Don’t focus on the drool of a person with cerebral palsy or the deafness or the white cane or the walker. Focus on the Lord Jesus. When you get to know Him; when you have a passion for Christ, you will be passionate about the people He loves. You will not feel squeamish; you will not think any duty distasteful, because you will have become compassionate about Christ.

Evangel: What do you say to the person who has recently become impaired or is suffering loss to encourage him or her to live life to the fullest. Your life shows it can be done.

Joni: People look at me in my wheelchair after 32 years. I smile; I appear to be successful. But when I am with a person who has recently gone through trauma or grief — a spouse has left, she has given birth to a baby with multiple handicaps or has lost a loved one in an accident — I tell that person quite frankly about the way I wake up every morning.

Just because I’ve been in a wheelchair for 32 years doesn’t make me a professional. I wake up in the morning and hear my girlfriend come to the door. My husband has already left for work. I hear water running for coffee in the kitchen. And usually — 95 percent of the time — this is what I pray: "Lord, I cannot do this. I have no resources for this. I am tired of living in a wheelchair. Thirty-two years is a long time. For me to live is Christ, but to die would be gain. I have no smile for this woman when she comes to my bedroom door in a few minutes. I need You, Lord Jesus. I need You desperately. I need You urgently. Would You please give me power and strength and perspective? Would You please give me a smile for this woman who is about to walk through this bedroom door? Would You please let me borrow Your smile?"

Then when my girlfriend comes through the bedroom door, I turn my head on the pillow and my mouth cracks into a smile that’s sent straight from heaven.

God resists the proud; that is, the self-reliant or the self-resourceful. The people who, when the alarm clock rings, throw back the covers, hop out of bed, take a quick shower, give God a tip of the hat with a quick quiet time and race out the door on automatic. God resists people like that. And it’s little wonder that the church today lacks power. We are supposed to be boasting in our weaknesses; we are supposed to be delighting in our limitations and infirmities; we are to be glorying in them. Because, as the apostle Paul says, then we know Christ’s power rests on us.

Our weaknesses force us to go to God out of desperate need. Then God delights to pour out His grace.

Evangel: How do you keep yourself refreshed in the Lord?

Joni: My hobby is to memorize hymns — all the stanzas. There’s good theology in some of the ancient hymns. The lines are so full of wonderful hooks and barbs for my thought life.
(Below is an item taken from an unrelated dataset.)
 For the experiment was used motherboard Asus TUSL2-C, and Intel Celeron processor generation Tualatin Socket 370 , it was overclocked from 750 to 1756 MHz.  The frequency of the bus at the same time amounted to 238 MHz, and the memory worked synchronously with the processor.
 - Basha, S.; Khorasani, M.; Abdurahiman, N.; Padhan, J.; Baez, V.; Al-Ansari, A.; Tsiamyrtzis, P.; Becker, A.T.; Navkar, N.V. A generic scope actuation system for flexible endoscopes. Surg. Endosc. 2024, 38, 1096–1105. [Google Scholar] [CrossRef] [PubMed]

I carry a hymnbook in my van. When I’m at a doctors appointment or at the drugstore in a long line, I often sing. That’s usually a conversation opener. People will say, "My, you’re a happy person." And I’ll use it as a springboard to say, "It’s only because I have a reason for living." And invariably they ask, "What’s that?"
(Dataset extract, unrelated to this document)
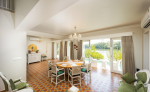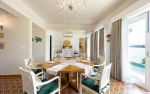 Dining, Kitchen – The formal dining space too faces the river. It has a semi-casual round table for 6 guests. Murals and sculptures decorate the walls. A staircase goes to the upper level. The kitchen has an oven, microwave, refrigerator, toaster, kettle, and a water filter.

Evangel: Tell us about your Wheels for the World program.

Joni: We collect used wheelchairs, by working with churches and/or Christian radio stations and ship them to one of three prisons where inmates fix them like new. We partner with corporations that ship cargo containers overseas. Occupational and physical therapists fit these wheelchairs to people with disabilities. The individual receives a Bible and is connected with a church in the community. We do disability ministry training.

Evangel: When God Weeps is your latest book. What has been the response?

Joni: I have gotten an unusually large amount of response from people who have been devastated by suffering and are in an absolute quandary to understand the goodness of God in it all. They feel like their lives are spinning out of control, but they read that book and realize that God is good in the midst of suffering.

We need to be reminded often that we’re stronger when we recognize our weaknesses; we’re richer when we recognize our poverty. That’s what Jesus teaches in the Beatitudes in Matthew 5.